Task objective: Go through the following data and transcribe exactly the stretch of lines from the one holding "Le grille-pain est" to the one holding "Lámpara de mesa", both included.

Information shown:
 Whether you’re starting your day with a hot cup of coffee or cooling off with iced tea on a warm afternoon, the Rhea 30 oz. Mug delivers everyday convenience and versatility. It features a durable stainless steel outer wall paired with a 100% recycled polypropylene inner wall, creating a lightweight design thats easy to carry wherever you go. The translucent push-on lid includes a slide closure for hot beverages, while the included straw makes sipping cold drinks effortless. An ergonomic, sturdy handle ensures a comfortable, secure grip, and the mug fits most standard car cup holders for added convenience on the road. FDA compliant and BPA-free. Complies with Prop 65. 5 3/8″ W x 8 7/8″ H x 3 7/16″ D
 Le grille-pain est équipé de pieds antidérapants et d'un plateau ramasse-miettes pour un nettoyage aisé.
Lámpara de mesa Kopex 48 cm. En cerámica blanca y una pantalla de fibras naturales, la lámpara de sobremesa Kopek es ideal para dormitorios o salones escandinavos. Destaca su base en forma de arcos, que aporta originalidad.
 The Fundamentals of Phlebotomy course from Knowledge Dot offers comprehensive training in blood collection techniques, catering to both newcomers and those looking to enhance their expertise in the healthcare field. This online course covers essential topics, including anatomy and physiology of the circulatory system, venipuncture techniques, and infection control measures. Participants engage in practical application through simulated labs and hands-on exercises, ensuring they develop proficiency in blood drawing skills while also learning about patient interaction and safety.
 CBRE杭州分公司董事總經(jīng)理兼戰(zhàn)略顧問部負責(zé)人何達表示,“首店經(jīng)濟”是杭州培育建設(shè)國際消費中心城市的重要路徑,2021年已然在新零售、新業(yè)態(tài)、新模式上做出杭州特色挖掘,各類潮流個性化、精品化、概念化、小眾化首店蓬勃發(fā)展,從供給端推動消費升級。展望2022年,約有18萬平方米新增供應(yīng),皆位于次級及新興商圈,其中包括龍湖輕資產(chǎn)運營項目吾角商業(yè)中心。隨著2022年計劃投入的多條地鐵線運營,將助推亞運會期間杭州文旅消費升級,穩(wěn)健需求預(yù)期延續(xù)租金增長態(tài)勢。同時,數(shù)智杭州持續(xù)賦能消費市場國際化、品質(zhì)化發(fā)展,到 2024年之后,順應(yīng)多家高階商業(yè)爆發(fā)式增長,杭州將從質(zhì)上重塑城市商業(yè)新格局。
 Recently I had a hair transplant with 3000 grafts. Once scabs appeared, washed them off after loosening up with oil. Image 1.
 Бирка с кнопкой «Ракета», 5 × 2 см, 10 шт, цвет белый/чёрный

---

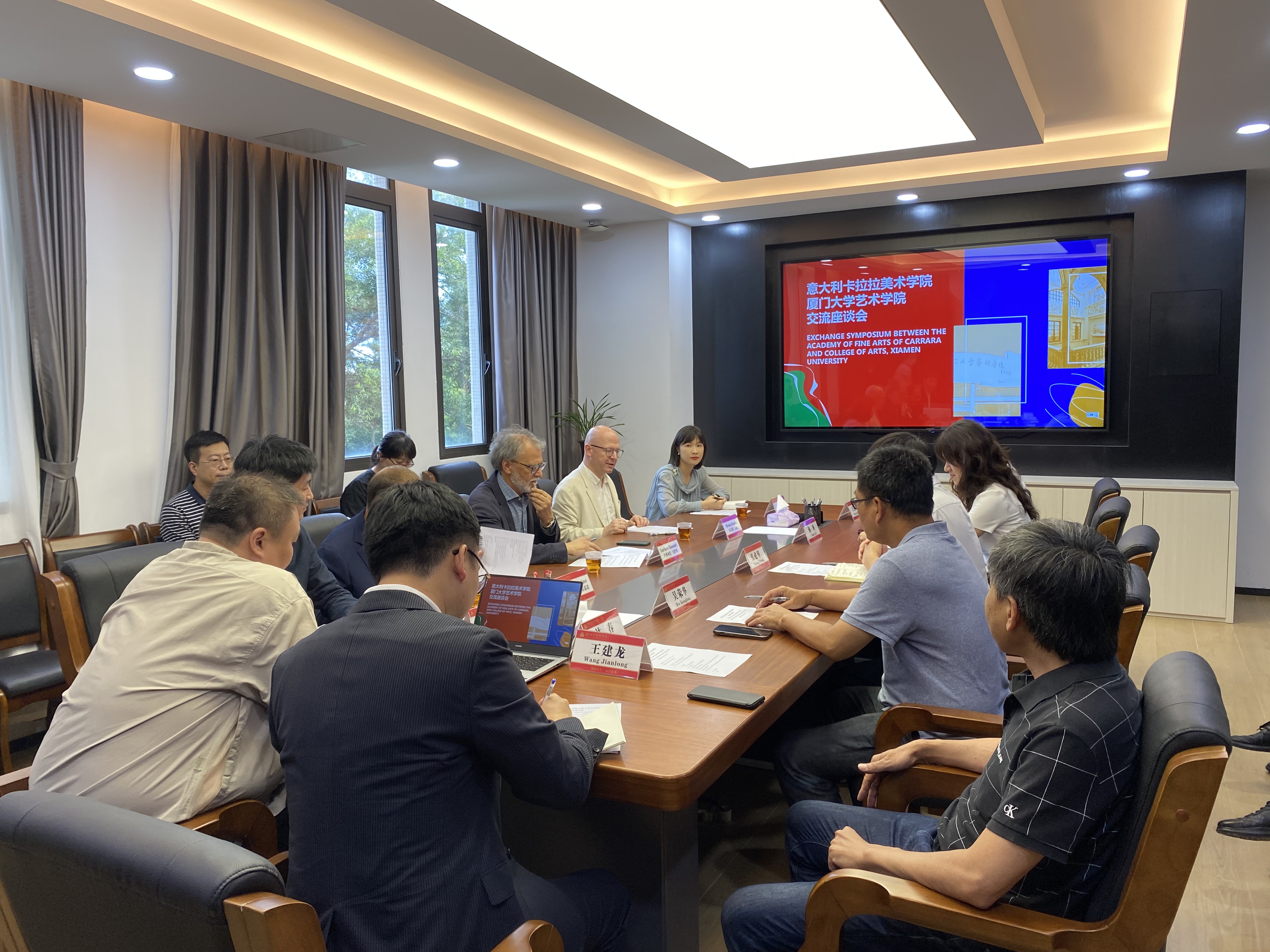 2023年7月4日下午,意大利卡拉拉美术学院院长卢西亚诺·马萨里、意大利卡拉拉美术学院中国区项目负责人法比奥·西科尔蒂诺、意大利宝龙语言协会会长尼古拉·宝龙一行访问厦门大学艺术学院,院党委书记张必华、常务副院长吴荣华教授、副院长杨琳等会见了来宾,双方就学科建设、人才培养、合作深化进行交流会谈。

Response to the exercise:
 Le grille-pain est équipé de pieds antidérapants et d'un plateau ramasse-miettes pour un nettoyage aisé.
Lámpara de mesa Kopex 48 cm. En cerámica blanca y una pantalla de fibras naturales, la lámpara de sobremesa Kopek es ideal para dormitorios o salones escandinavos. Destaca su base en forma de arcos, que aporta originalidad.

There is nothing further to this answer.